By Adedapo Adesanya
Nigeria’s candidate for the position of Director-General of the World Trade Organisation (WTO), Mrs Ngozi Okonjo-Iweala, has made it into the final round. She will now face Mrs Yoo Myung-hee, South Korean Minister for Trade for the slot.
According to widespread reports, both women emerged as the last two remaining candidates after Mr Mohammed Al-Tuwaijiri of Saudi Arabia, Mr Liam Fox of the United Kingdom and Kenya’s Mrs Amina Mohamed were unable to gain enough support in the second round of consultations leading to their elimination.
The other candidates, Mr Jesus Saede Kuri of Mexico, Mr Tudor Ulianovschi of Moldova and Mr Abdel-Hamid Mamdouh of Egypt were dropped during the first round.
This means the institution will have its first female head in its 25 years of establishment.
Mr David Walker, WTO General Council Chairman, will formally announce the results to the institution’s delegates today in Geneva, Switzerland.
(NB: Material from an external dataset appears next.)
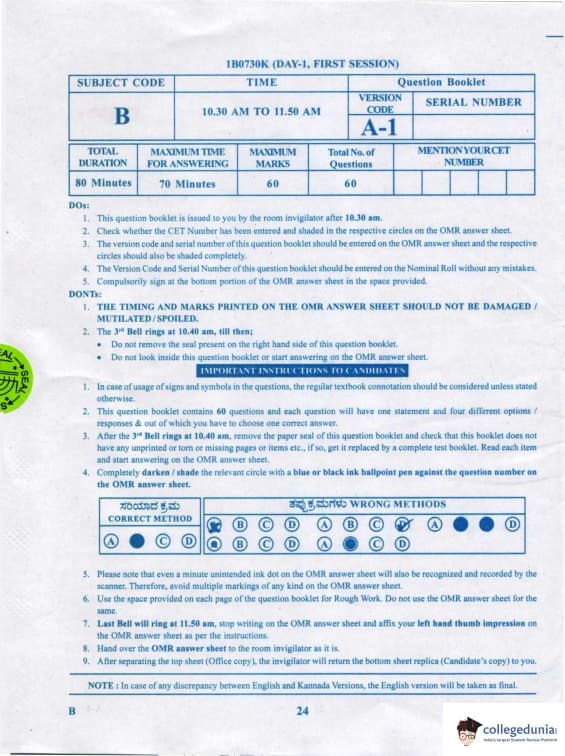 KCET 2020 Biology Question paper with answer key pdf conducted on July 30, 2020 in Morning Session 10:30 AM to 11:50 AM is available for download. The exam was successfully organized by Karnataka Examinations Authority (KEA). In terms of difficulty level, KCET was of Easy level. The question paper comprised a total of 60 questions.

The final phase of the consultation process to name a consensus winner will continue later in October and run until November 6, 2020. In the case that WTO members fail to produce a leader by consensus, a vote entailing a qualified majority could be held as a final resort.
Business Post had reported that the vacancy for the WTO chair position arose after Mr Roberto Azevedo, the former head tendered his resignation on August 31, 2020, a year before the end of his tenure.
Mrs Okonjo Iweala, 66, has served as Nigeria’s finance minister under the administrations of Presidents Olusegun Obasanjo and Goodluck Jonathan. She also served as a development economist at the World Bank where she rose to become the managing director.
She is also on the Twitter board of directors and is a special envoy for the World Health Organization’s COVID-19 fight.
Her emergence as DG would not only mean she is the first woman, but also the first African to lead the global trade body.
Mrs Yoo Myung-hee, 53, is the current Minister for Trade of South Korea. She is the first woman to hold the position. She has worked in various government agencies for more than 25 years and is considered a veteran in the Korean politics and trade circles.
Whoever wins will have their work cut out for them as the trade body is facing multiple crises, and struggling to help members navigate a severe global economic slump triggered by the coronavirus pandemic.
Even before the emergence of the pandemic, the organisation was grappling with stalled trade talks and struggling to curb tensions between the United States and China.